Write out the lines of the material below exactly, beginning at the line with "接着5被动嘛则是相反会不断积" and stopping after the line with "Donna - eine", and leave out the pictures.

- _EXERCISE DATA_:
++++
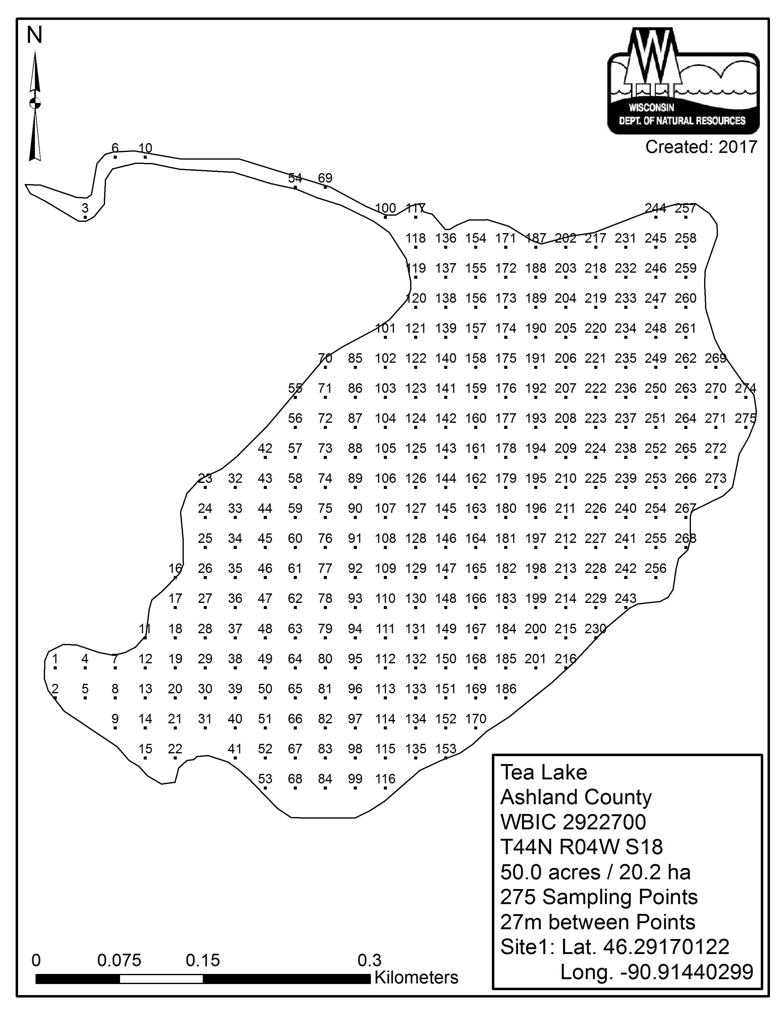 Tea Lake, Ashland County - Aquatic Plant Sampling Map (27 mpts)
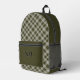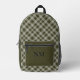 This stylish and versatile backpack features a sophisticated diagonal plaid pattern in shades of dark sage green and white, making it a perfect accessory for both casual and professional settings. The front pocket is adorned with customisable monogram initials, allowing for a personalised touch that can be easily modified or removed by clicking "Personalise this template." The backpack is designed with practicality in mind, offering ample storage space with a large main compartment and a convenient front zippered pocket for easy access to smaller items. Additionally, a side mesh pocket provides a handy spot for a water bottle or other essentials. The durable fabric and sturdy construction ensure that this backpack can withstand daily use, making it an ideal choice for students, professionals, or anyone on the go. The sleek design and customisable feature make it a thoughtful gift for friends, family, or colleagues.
++++
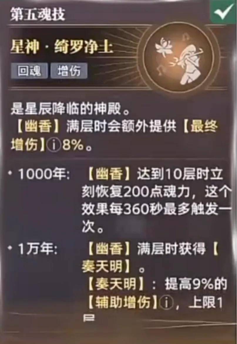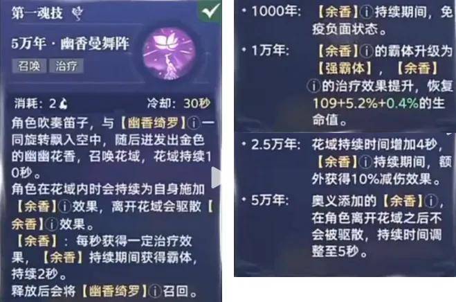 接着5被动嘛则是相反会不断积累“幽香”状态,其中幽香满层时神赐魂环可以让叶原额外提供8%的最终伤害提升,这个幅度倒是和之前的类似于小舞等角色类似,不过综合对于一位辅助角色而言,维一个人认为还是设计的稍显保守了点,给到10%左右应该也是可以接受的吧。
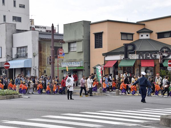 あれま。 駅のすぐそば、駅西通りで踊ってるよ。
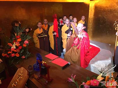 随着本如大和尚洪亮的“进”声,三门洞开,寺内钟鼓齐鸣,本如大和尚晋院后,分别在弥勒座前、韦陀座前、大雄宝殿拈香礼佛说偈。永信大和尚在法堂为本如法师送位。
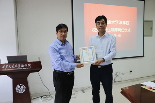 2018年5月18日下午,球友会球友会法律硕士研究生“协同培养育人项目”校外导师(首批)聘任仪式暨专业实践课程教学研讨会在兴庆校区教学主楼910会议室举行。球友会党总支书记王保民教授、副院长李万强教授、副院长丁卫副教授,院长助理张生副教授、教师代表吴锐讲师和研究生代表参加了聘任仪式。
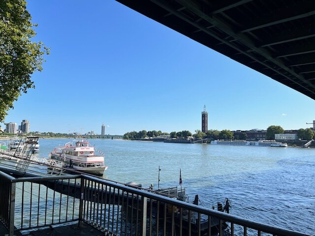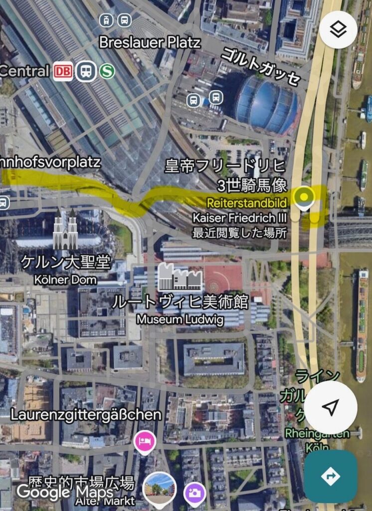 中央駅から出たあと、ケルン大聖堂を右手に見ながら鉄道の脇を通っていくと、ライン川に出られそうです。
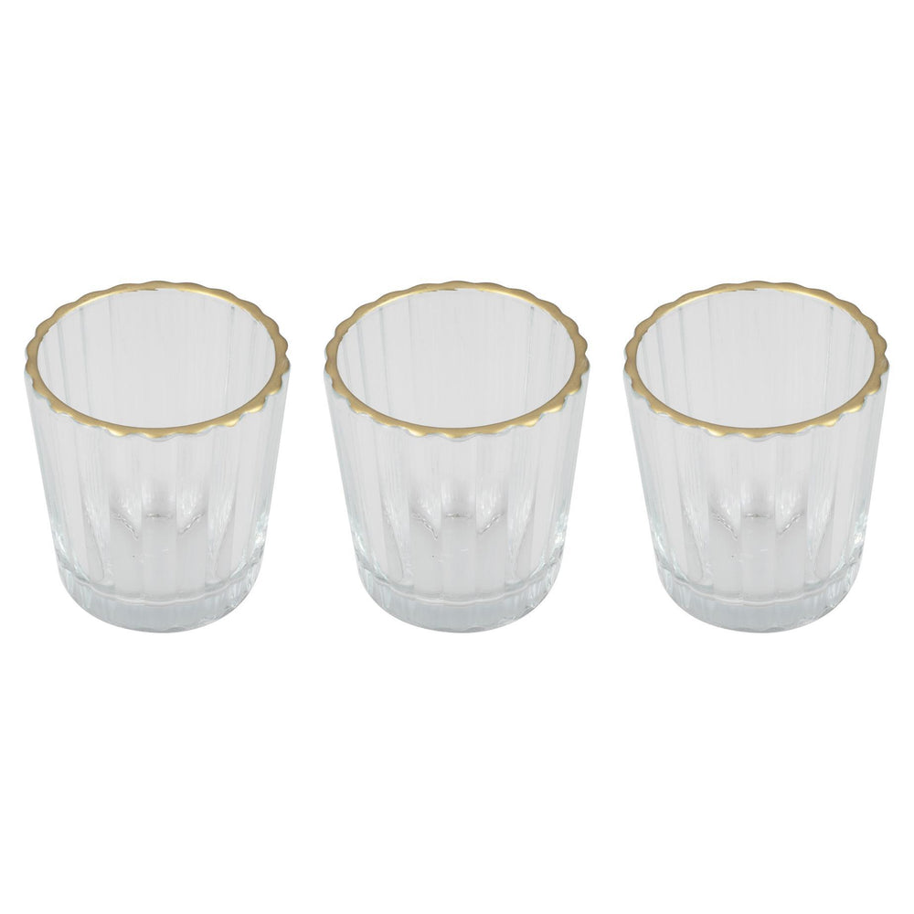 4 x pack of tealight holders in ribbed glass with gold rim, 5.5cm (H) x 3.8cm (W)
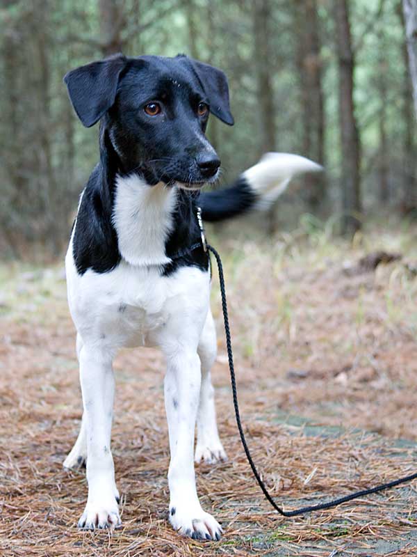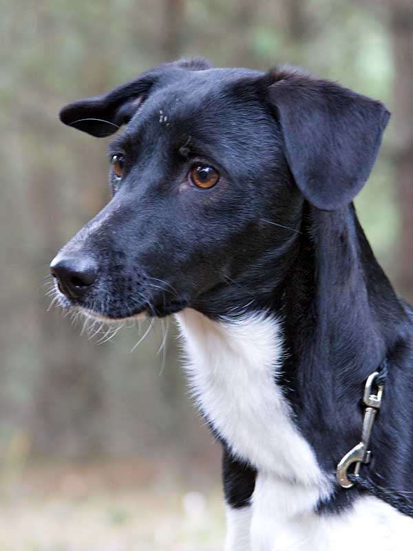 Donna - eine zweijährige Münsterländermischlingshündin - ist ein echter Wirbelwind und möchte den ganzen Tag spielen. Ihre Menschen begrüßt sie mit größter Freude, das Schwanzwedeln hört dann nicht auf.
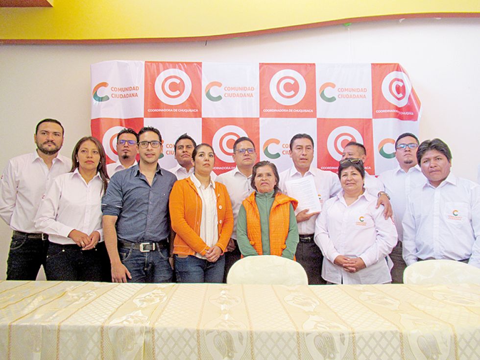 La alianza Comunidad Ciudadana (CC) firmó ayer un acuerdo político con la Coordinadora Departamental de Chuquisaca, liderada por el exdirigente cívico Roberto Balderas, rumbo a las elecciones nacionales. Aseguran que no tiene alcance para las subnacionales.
++++
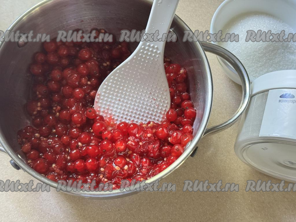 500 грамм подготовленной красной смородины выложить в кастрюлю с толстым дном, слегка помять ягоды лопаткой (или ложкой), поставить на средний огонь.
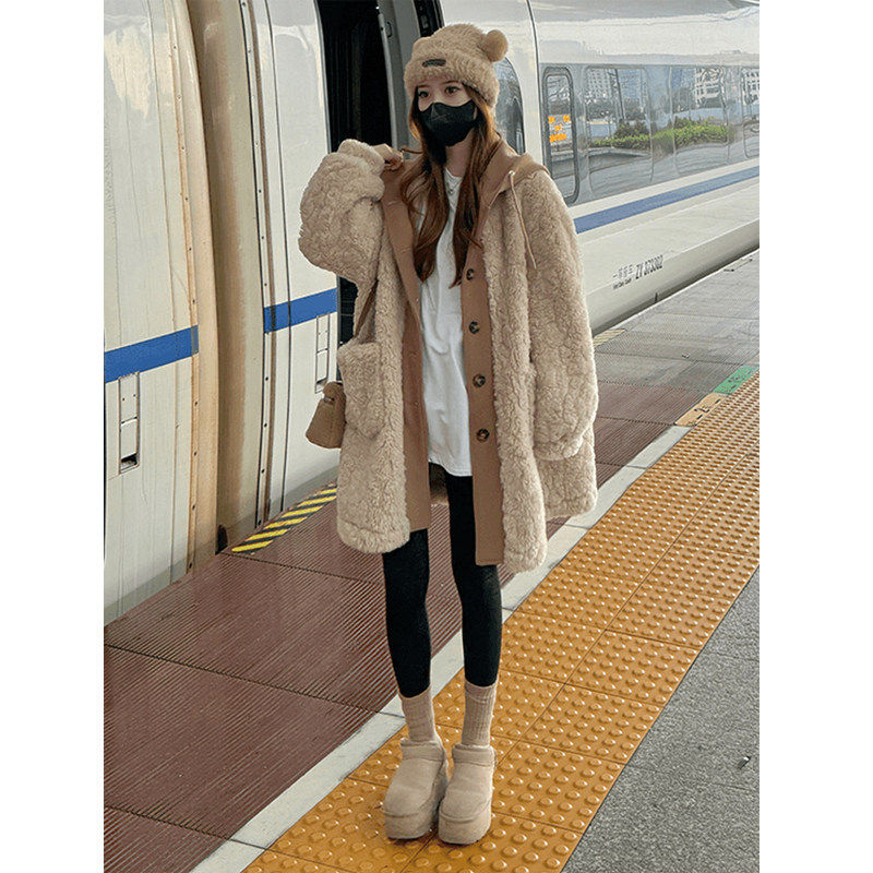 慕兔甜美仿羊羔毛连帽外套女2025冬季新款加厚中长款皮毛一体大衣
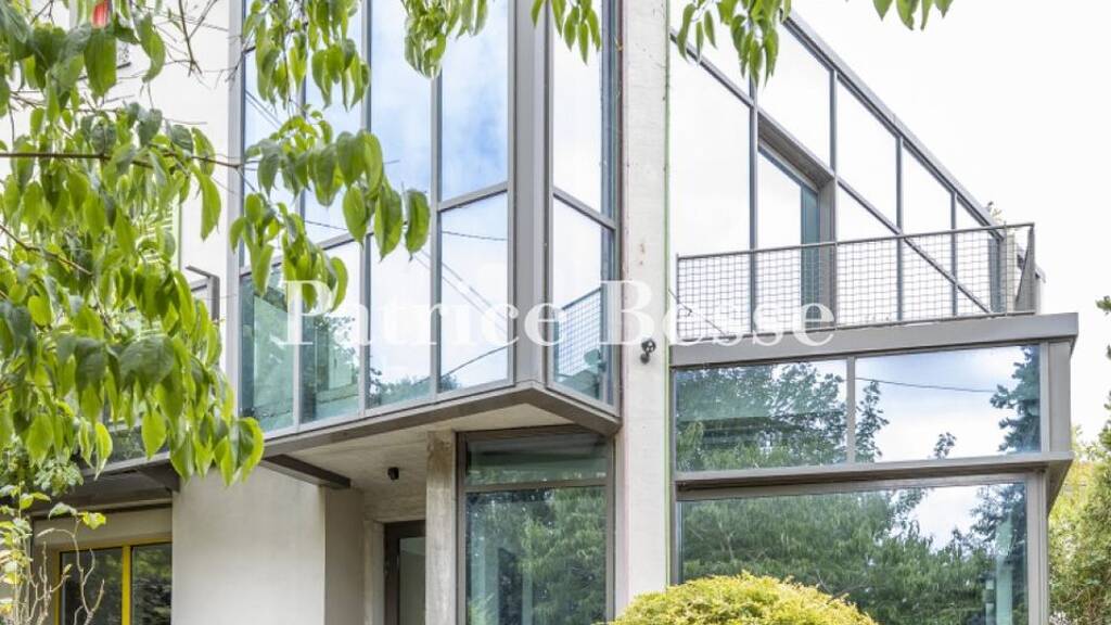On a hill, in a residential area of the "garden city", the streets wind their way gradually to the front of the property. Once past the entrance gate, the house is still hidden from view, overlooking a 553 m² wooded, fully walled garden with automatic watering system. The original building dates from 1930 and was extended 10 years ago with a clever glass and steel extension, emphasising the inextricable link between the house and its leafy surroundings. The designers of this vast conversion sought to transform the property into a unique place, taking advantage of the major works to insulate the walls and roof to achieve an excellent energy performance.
++++
- _ANSWER TO THE PROBLEM_:
 接着5被动嘛则是相反会不断积累“幽香”状态,其中幽香满层时神赐魂环可以让叶原额外提供8%的最终伤害提升,这个幅度倒是和之前的类似于小舞等角色类似,不过综合对于一位辅助角色而言,维一个人认为还是设计的稍显保守了点,给到10%左右应该也是可以接受的吧。
 あれま。 駅のすぐそば、駅西通りで踊ってるよ。
 随着本如大和尚洪亮的“进”声,三门洞开,寺内钟鼓齐鸣,本如大和尚晋院后,分别在弥勒座前、韦陀座前、大雄宝殿拈香礼佛说偈。永信大和尚在法堂为本如法师送位。
 2018年5月18日下午,球友会球友会法律硕士研究生“协同培养育人项目”校外导师(首批)聘任仪式暨专业实践课程教学研讨会在兴庆校区教学主楼910会议室举行。球友会党总支书记王保民教授、副院长李万强教授、副院长丁卫副教授,院长助理张生副教授、教师代表吴锐讲师和研究生代表参加了聘任仪式。
 中央駅から出たあと、ケルン大聖堂を右手に見ながら鉄道の脇を通っていくと、ライン川に出られそうです。
 4 x pack of tealight holders in ribbed glass with gold rim, 5.5cm (H) x 3.8cm (W)
 Donna - eine zweijährige Münsterländermischlingshündin - ist ein echter Wirbelwind und möchte den ganzen Tag spielen. Ihre Menschen begrüßt sie mit größter Freude, das Schwanzwedeln hört dann nicht auf.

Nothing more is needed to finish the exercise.